▸ DATA PROVIDED
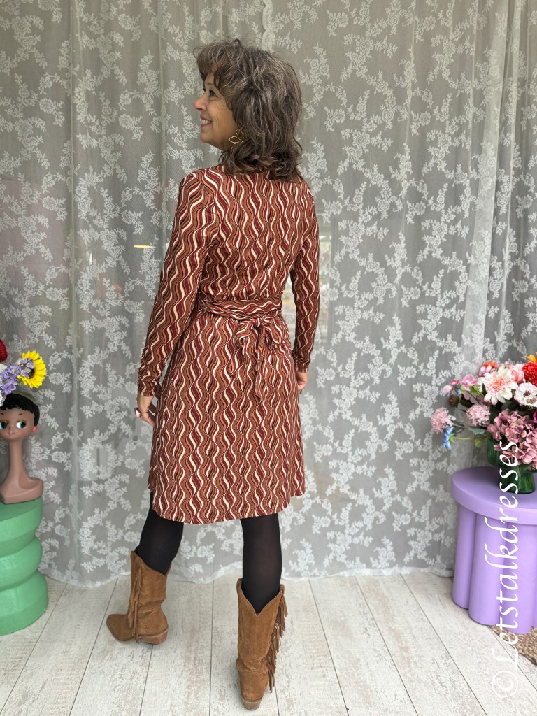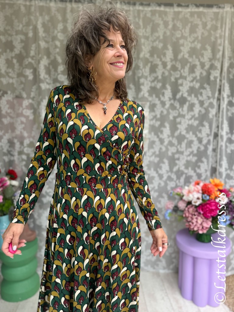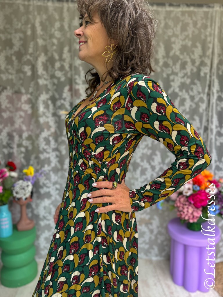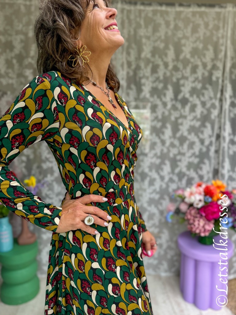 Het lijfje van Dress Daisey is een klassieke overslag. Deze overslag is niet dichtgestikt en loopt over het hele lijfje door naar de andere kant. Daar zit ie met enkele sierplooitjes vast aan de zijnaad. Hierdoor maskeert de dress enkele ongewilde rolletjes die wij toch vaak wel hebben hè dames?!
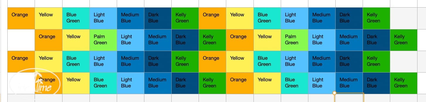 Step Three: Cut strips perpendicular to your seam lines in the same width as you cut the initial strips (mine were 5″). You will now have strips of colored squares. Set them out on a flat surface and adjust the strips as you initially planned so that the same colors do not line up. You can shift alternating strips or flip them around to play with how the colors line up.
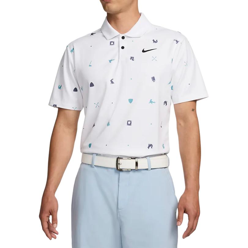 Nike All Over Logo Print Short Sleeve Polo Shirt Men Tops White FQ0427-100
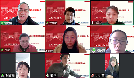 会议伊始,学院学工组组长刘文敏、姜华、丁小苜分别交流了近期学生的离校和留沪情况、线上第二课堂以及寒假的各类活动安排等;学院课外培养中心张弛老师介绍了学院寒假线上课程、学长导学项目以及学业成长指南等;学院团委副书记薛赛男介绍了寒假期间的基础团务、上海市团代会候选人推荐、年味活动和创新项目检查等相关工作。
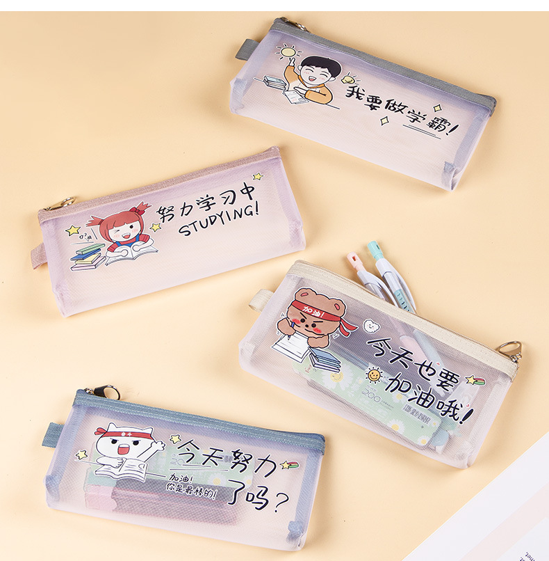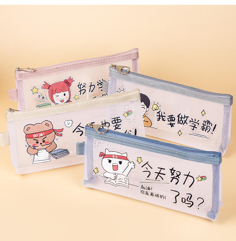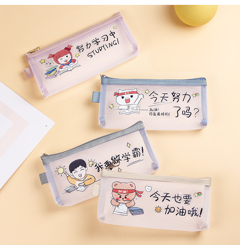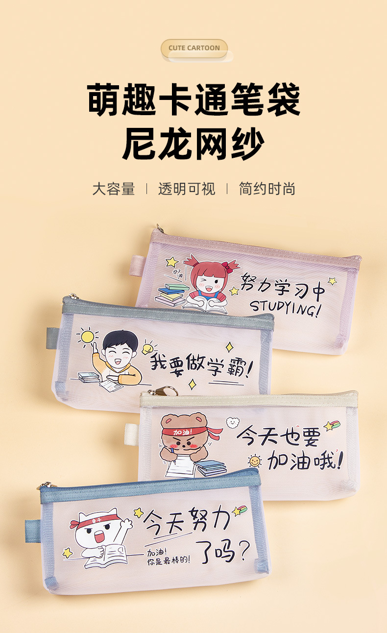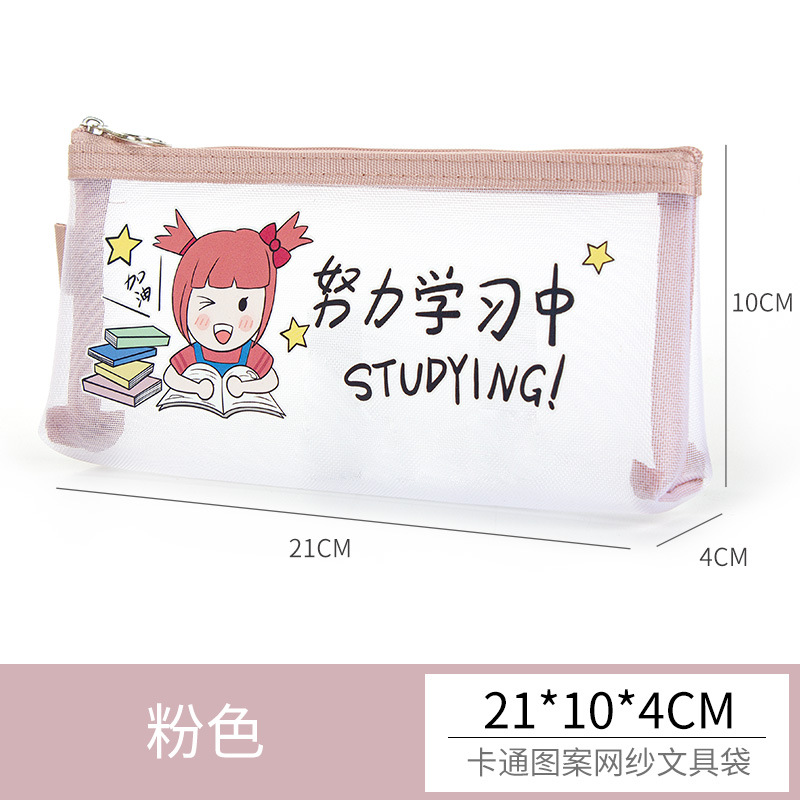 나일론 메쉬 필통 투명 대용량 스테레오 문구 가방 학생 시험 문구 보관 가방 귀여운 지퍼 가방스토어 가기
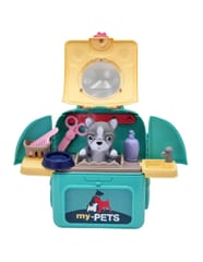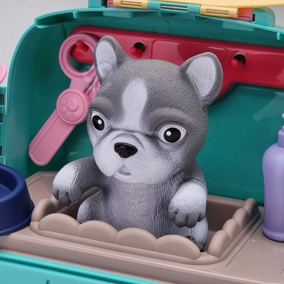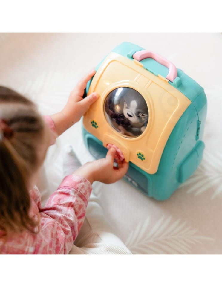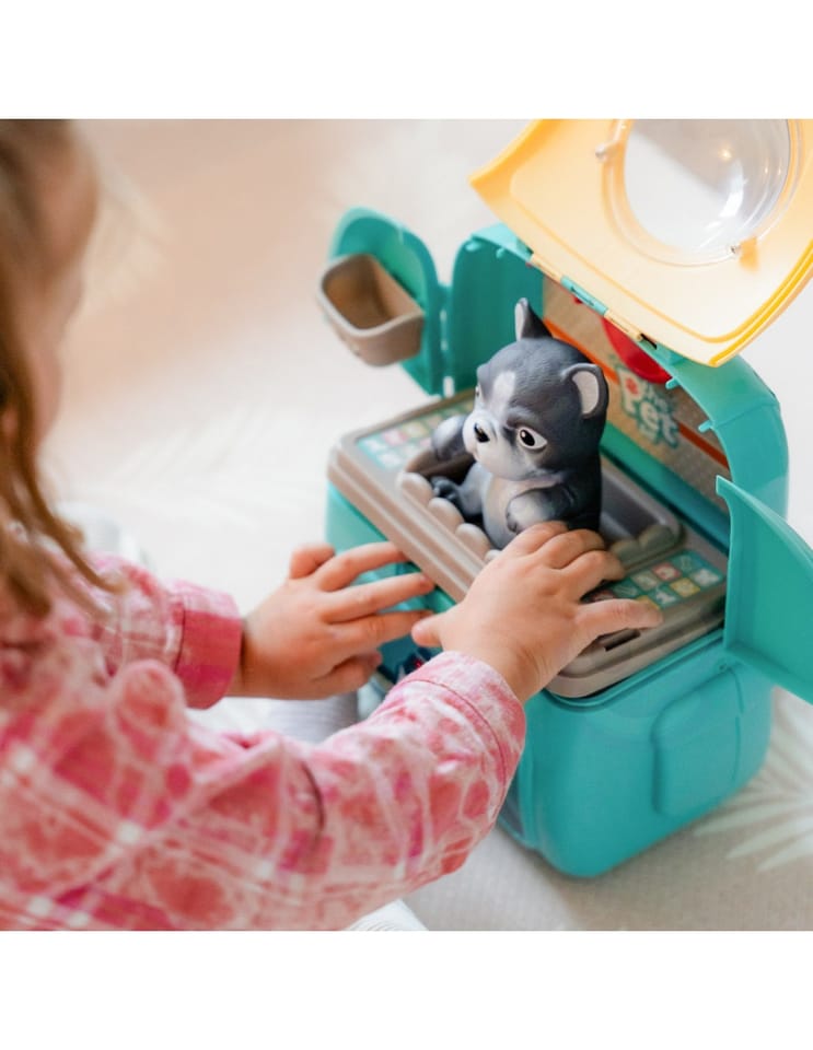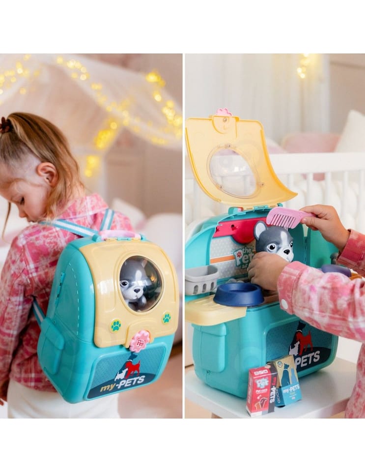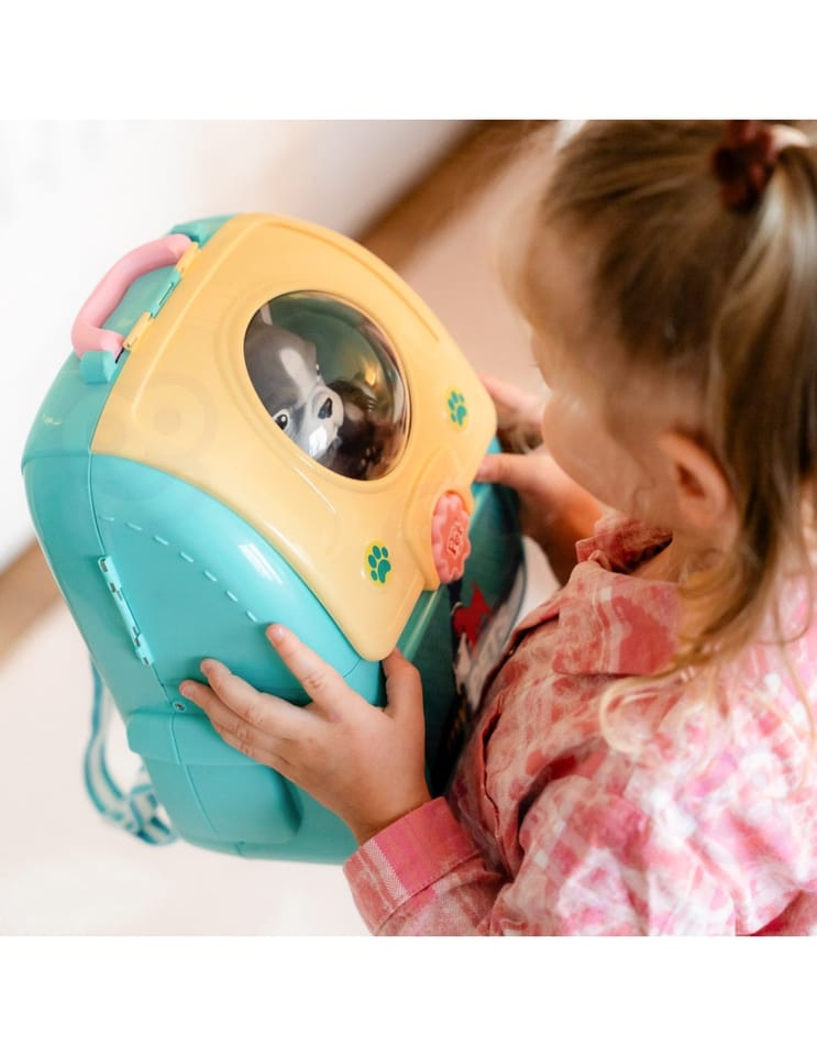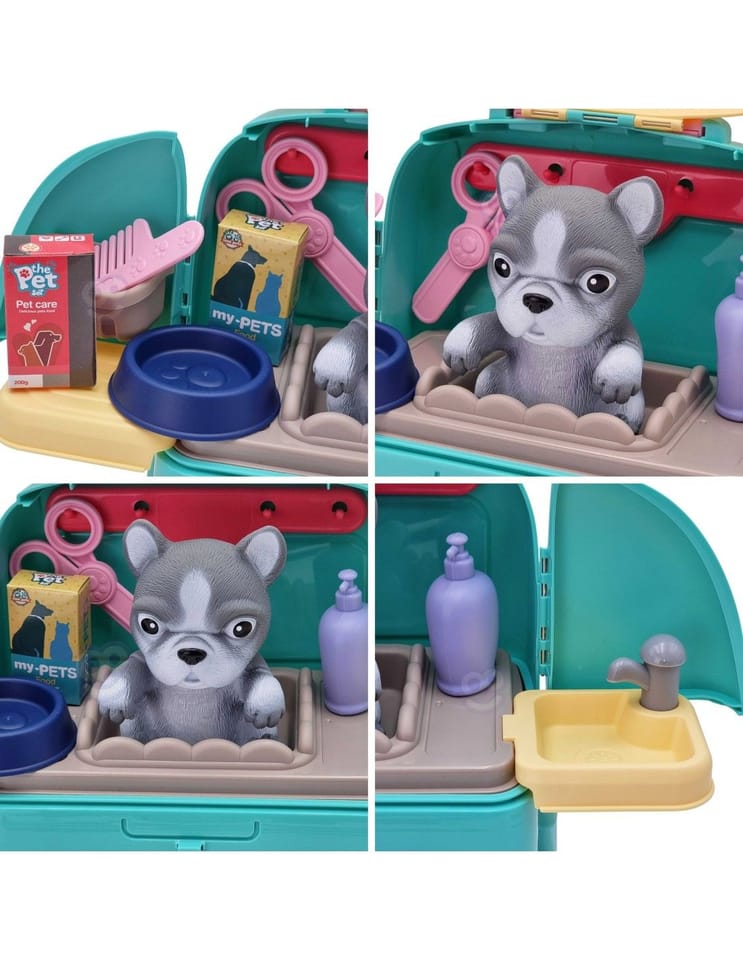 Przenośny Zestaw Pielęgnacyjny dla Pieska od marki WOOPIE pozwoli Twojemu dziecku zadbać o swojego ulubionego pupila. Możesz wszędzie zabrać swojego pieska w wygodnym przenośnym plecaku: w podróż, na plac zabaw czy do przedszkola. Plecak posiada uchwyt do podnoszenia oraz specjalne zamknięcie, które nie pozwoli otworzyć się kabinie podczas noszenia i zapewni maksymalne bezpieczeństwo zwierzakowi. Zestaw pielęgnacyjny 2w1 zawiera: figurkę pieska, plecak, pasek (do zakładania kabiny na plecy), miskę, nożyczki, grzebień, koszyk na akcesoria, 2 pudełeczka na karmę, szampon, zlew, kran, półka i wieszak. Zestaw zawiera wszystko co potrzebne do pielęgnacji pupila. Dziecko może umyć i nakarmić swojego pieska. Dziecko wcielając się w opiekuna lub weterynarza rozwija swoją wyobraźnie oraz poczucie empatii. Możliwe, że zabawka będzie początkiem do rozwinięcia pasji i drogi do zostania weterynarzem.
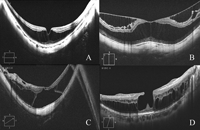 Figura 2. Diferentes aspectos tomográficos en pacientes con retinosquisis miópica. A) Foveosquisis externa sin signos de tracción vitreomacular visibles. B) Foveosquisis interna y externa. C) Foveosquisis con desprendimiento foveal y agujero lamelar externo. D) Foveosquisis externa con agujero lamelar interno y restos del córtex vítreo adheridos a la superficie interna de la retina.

▸ WORK TO COMPLETE
For this exercise, return exactly the lines above from the line with "Step Three: Cut" through the line with "나일론 메쉬 필통 투명", both included. Do not copy the pictures.

▸ EXERCISE RESULT
 Step Three: Cut strips perpendicular to your seam lines in the same width as you cut the initial strips (mine were 5″). You will now have strips of colored squares. Set them out on a flat surface and adjust the strips as you initially planned so that the same colors do not line up. You can shift alternating strips or flip them around to play with how the colors line up.
 Nike All Over Logo Print Short Sleeve Polo Shirt Men Tops White FQ0427-100
 会议伊始,学院学工组组长刘文敏、姜华、丁小苜分别交流了近期学生的离校和留沪情况、线上第二课堂以及寒假的各类活动安排等;学院课外培养中心张弛老师介绍了学院寒假线上课程、学长导学项目以及学业成长指南等;学院团委副书记薛赛男介绍了寒假期间的基础团务、上海市团代会候选人推荐、年味活动和创新项目检查等相关工作。
 나일론 메쉬 필통 투명 대용량 스테레오 문구 가방 학생 시험 문구 보관 가방 귀여운 지퍼 가방스토어 가기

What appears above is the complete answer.